• **PROBLEM REQUIREMENTS**
Your output should be the lines from the one containing "- Divide the" through the last line below, both ends included, exactly as written and free of pictures.

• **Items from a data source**
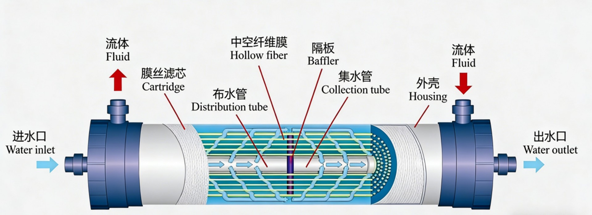 ③分离效率更高:海纳环保在膜接触器组件中央设置了导流挡板,配合中心管布水模式,使液体在膜丝的表面成射流状态,让膜丝外液体流动方向与膜丝内气体流动方向成一定的角度,有效地改善了流道,大大提高了壳程和管程的传质效率。
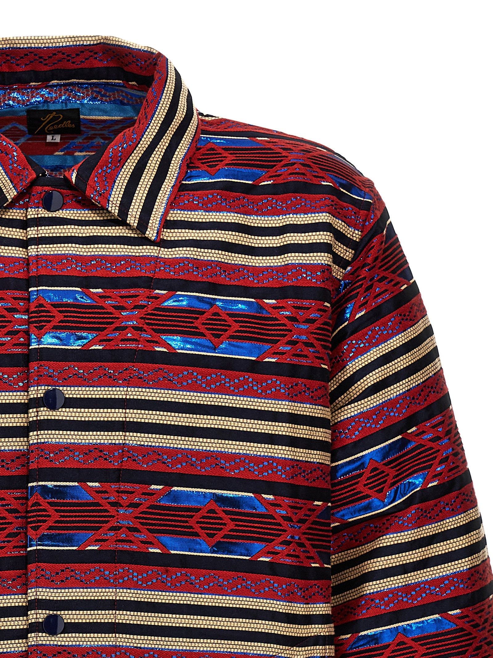 Giacca di miscela di cotone con motivo, chiusura dei bottoni, tasche, maniche lunghe con polsini elastici, corse regolabili sull'orlo.
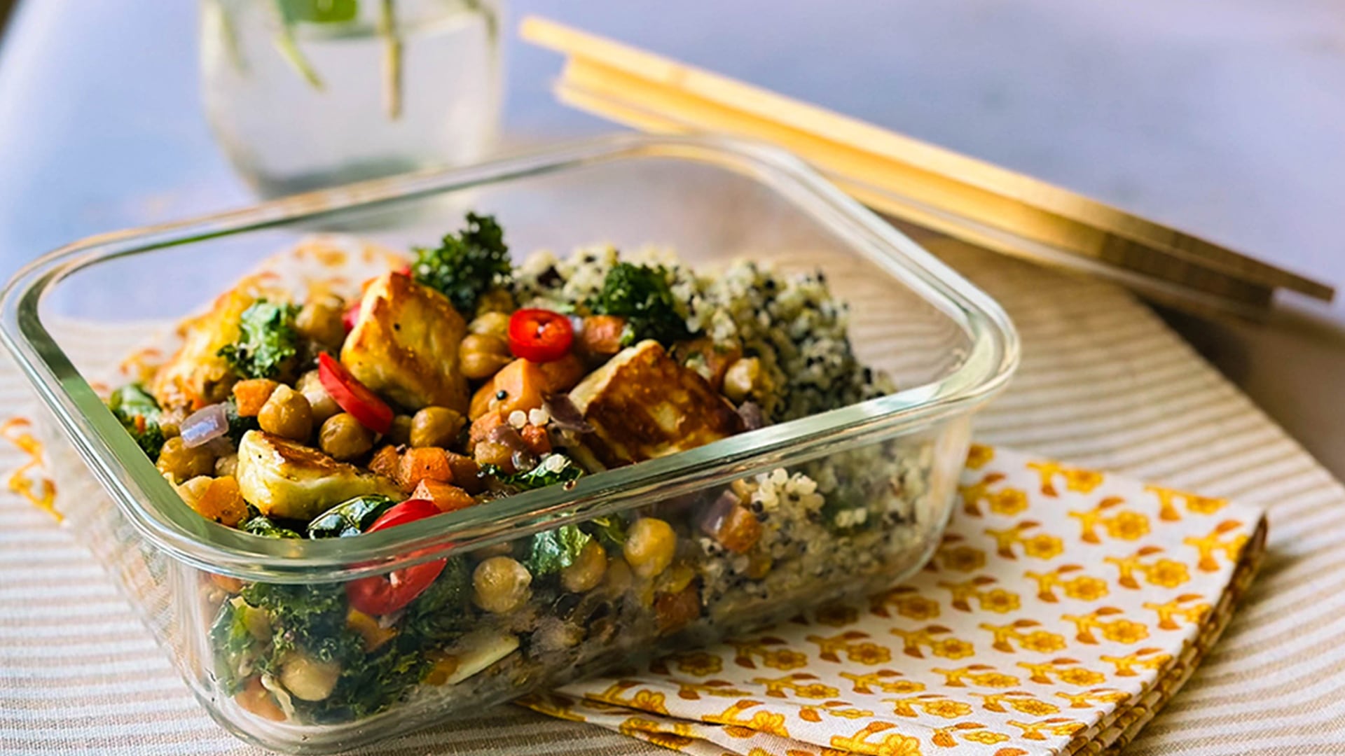 - Divide the grains over plates or into resealable containers and top with the roasted veg and halloumi.
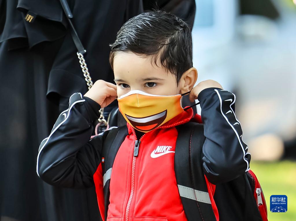 8月30日,在美國芝加哥,一名學(xué)生佩戴口罩在開(kāi)學(xué)日返校。
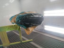 隅々までサンディングと清掃を繰り返し、サーフェーサーを塗装し上塗りの工程に移ります。 |
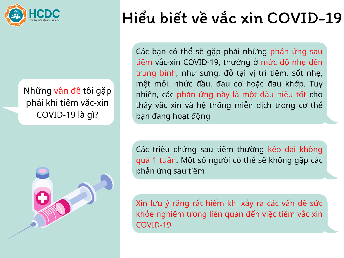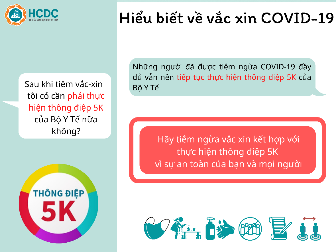 Đồng thời sau khi tiêm chủng vắc-xin, chúng ta vẫn phải tuân thủ thực hiện các biện pháp phòng chống dịch (thông điệp 5K) để đảm bảo an toàn cho mình, gia đình và cho cộng đồng trước đại dịch COVID-19.
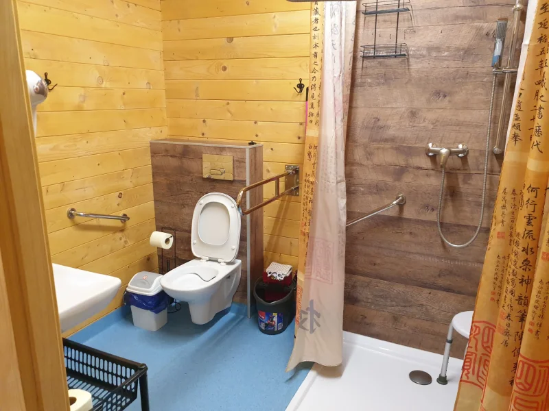 полностью оборудованной ванной комнатой, рассчитанных на 2–8 человек, всего около 500 мест. Домики
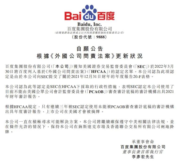 当地时间周三,美国证券交易委员会(SEC)将百度、富途控股、爱奇艺、凯信远达医药和从事渔业养殖的Nocera加入“预摘牌名单”。这5家公司需要于4月20日前向SEC提供证据,证明自己不具备被摘牌的条件。3月31日,百度发布公告,称一直在积极寻求可能解决方案,在条件允许的情况下,保持在纳斯达克市场及香港联合交易所有限公司两地挂牌。爱奇艺声明称,将积极谋求解决方案,保护股东利益。(每日经济新闻)
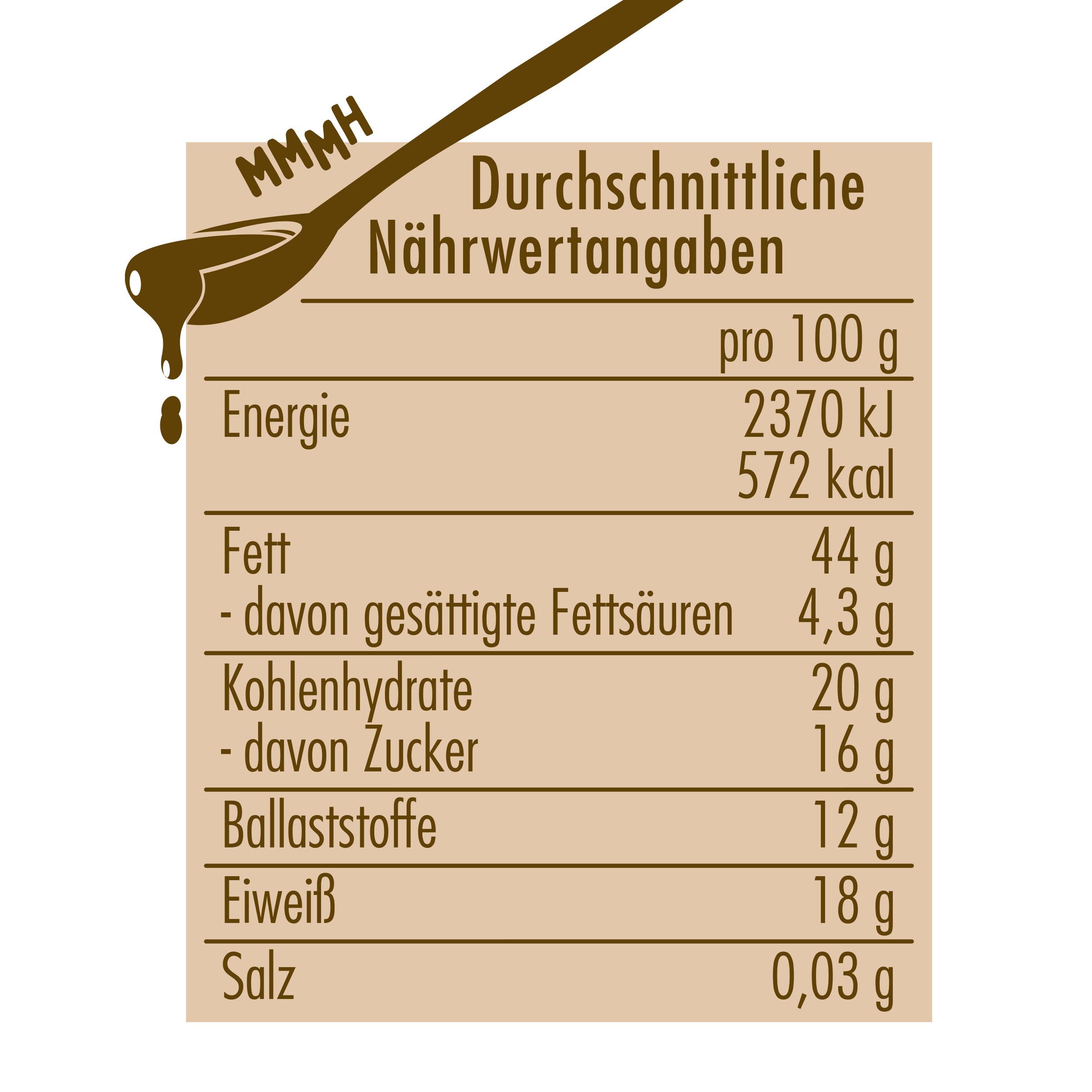 Das Besondere am Mandelmus ist die superfeine und cremige Konsistenz. Wir nennen diese neue Textur smoooooth, denn das Mandelmus zerfließt im Mund und überall, wo du es als edle Zutat hinzufügst. Unser "Geheimnis" ist der aufwändige Zermuser, der aus Mandeln ein echtes Mandelmus macht. Keine Messer, die viel zu heiß werden, zerhacken die kostbaren Mandeln, sondern hohe Geschwindigkeit und die Zermusung lassen dieses einzigartige Mandelmus entstehen.
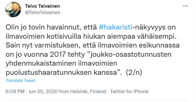 特伊瓦伊宁在2020年6月30日发布推文,披露了芬兰空军更改其徽章一事。

• **PROBLEM SOLUTION**
 - Divide the grains over plates or into resealable containers and top with the roasted veg and halloumi.
 8月30日,在美國芝加哥,一名學(xué)生佩戴口罩在開(kāi)學(xué)日返校。
 隅々までサンディングと清掃を繰り返し、サーフェーサーを塗装し上塗りの工程に移ります。 |
 Đồng thời sau khi tiêm chủng vắc-xin, chúng ta vẫn phải tuân thủ thực hiện các biện pháp phòng chống dịch (thông điệp 5K) để đảm bảo an toàn cho mình, gia đình và cho cộng đồng trước đại dịch COVID-19.
 полностью оборудованной ванной комнатой, рассчитанных на 2–8 человек, всего около 500 мест. Домики
 当地时间周三,美国证券交易委员会(SEC)将百度、富途控股、爱奇艺、凯信远达医药和从事渔业养殖的Nocera加入“预摘牌名单”。这5家公司需要于4月20日前向SEC提供证据,证明自己不具备被摘牌的条件。3月31日,百度发布公告,称一直在积极寻求可能解决方案,在条件允许的情况下,保持在纳斯达克市场及香港联合交易所有限公司两地挂牌。爱奇艺声明称,将积极谋求解决方案,保护股东利益。(每日经济新闻)
 Das Besondere am Mandelmus ist die superfeine und cremige Konsistenz. Wir nennen diese neue Textur smoooooth, denn das Mandelmus zerfließt im Mund und überall, wo du es als edle Zutat hinzufügst. Unser "Geheimnis" ist der aufwändige Zermuser, der aus Mandeln ein echtes Mandelmus macht. Keine Messer, die viel zu heiß werden, zerhacken die kostbaren Mandeln, sondern hohe Geschwindigkeit und die Zermusung lassen dieses einzigartige Mandelmus entstehen.
 特伊瓦伊宁在2020年6月30日发布推文,披露了芬兰空军更改其徽章一事。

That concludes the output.